A: Yes, you can use the distance formula to find the distance between two points in 3D space. The formula is as follows:

$d = \sqrt{\left(x_2 - x_1\right)^2 + \left(y_2 - y_1\right)^2 + \left(z_2 - z_1\right)^2}$

Q: What are some real-world applications of the distance formula?

A: The distance formula has many real-world applications, including:

• Calculating the distance between two cities or towns.
• Finding the distance between two points on a map.
• Calculating the distance between two objects in space.
• Determining the distance between two points on a coordinate grid.

Q: Can I use the distance formula to find the distance between two points on a coordinate grid?

A: Yes, you can use the distance formula to find the distance between two points on a coordinate grid. The formula is the same as the one used to find the distance between two points in 2D space.

Q: What are some common mistakes to avoid when using the distance formula?

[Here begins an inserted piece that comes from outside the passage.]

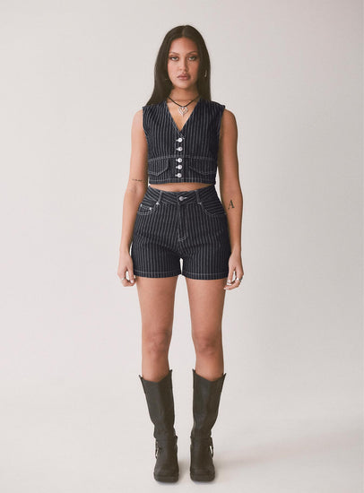 Rathlyn Pinstripe Vest Dark Denim has a rating of 4.9 stars based on 12 reviews.
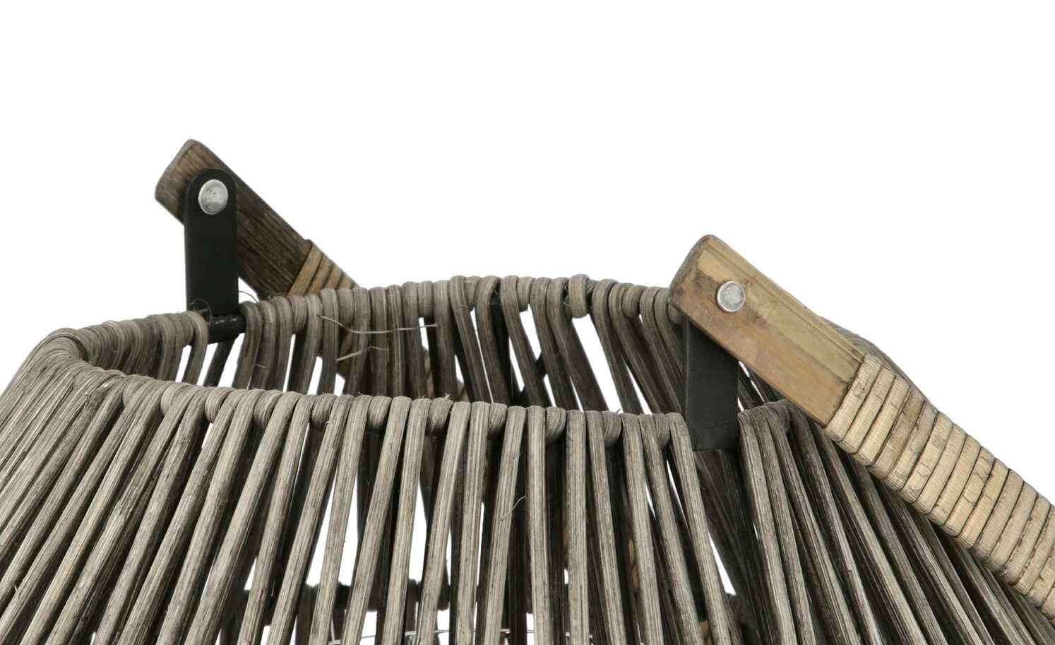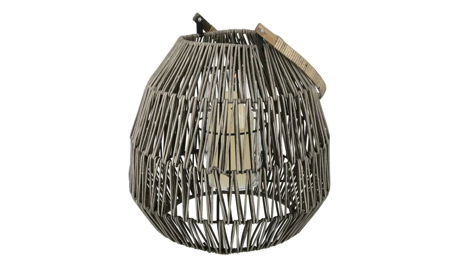 Dunkelgraues Rattan verströmt bei dieser Laterne ein attraktives Strandflair. Das Geflecht umspannt ein stabiles Metallgestell, hinter dem sich der Glaseinsatz für eine Stumpenkerze oder ein Teelicht verbirgt. Ein heller Rattangriff hebt sich vom Gestell ab und erleichtert den Transport der Laterne.

A: Some common mistakes to avoid when using the distance formula include:

• Not following the order of operations (PEMDAS).
• Not simplifying the equation correctly.
• Not taking the square root of the number correctly.
• Not using the correct coordinates of the two points.

Conclusion

In conclusion, the distance formula is a fundamental concept in mathematics that is used to find the distance between two points in a coordinate plane. The distance formula is a mathematical formula that is used to find the distance between two points in a coordinate plane. To use the distance formula, you need to identify the coordinates of the two points, plug the coordinates into the distance formula, simplify the equation, calculate the square of the numbers, add the numbers, and take the square root of the number.